# Your task:
Though the records contain pictures, copy none of them; repeat exactly the lines from the one with "Карнизы из гипса" to the end.

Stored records
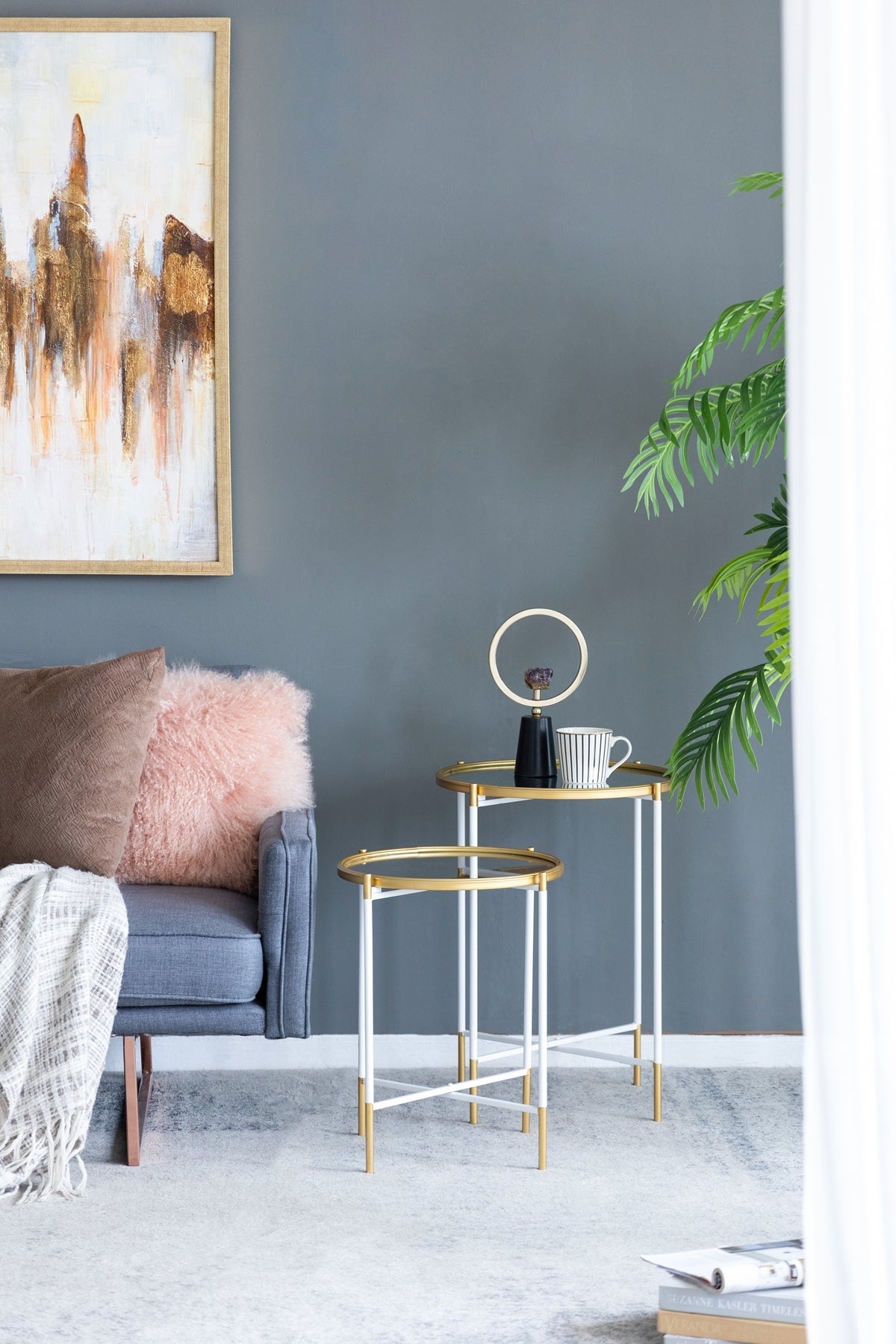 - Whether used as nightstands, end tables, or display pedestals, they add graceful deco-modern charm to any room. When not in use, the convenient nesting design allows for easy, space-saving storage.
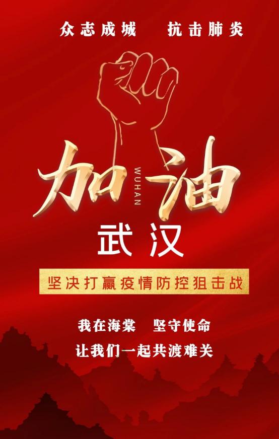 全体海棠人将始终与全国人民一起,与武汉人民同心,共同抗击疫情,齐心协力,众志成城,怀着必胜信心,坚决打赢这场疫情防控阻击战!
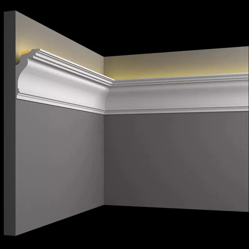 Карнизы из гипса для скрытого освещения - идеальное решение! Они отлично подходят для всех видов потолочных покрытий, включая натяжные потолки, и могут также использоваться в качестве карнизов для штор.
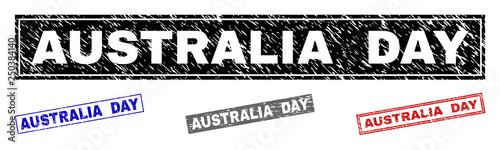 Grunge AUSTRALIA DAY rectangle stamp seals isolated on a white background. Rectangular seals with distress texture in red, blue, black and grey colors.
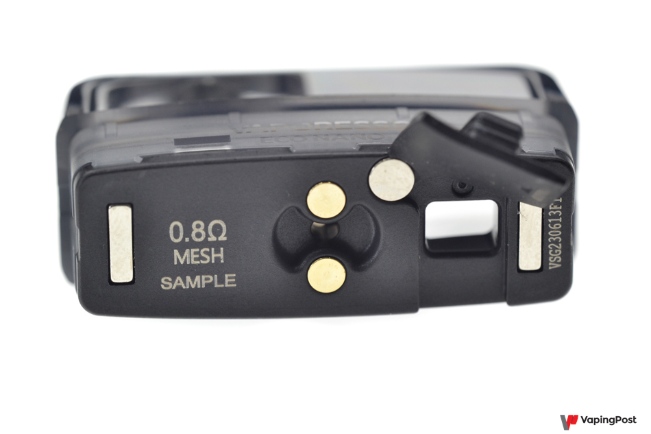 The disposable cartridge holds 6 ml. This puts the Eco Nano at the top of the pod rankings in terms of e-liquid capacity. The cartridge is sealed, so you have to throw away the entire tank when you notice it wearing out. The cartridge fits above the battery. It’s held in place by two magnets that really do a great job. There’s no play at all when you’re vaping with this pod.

# Response to this exercise:
 Карнизы из гипса для скрытого освещения - идеальное решение! Они отлично подходят для всех видов потолочных покрытий, включая натяжные потолки, и могут также использоваться в качестве карнизов для штор.
 Grunge AUSTRALIA DAY rectangle stamp seals isolated on a white background. Rectangular seals with distress texture in red, blue, black and grey colors.
 The disposable cartridge holds 6 ml. This puts the Eco Nano at the top of the pod rankings in terms of e-liquid capacity. The cartridge is sealed, so you have to throw away the entire tank when you notice it wearing out. The cartridge fits above the battery. It’s held in place by two magnets that really do a great job. There’s no play at all when you’re vaping with this pod.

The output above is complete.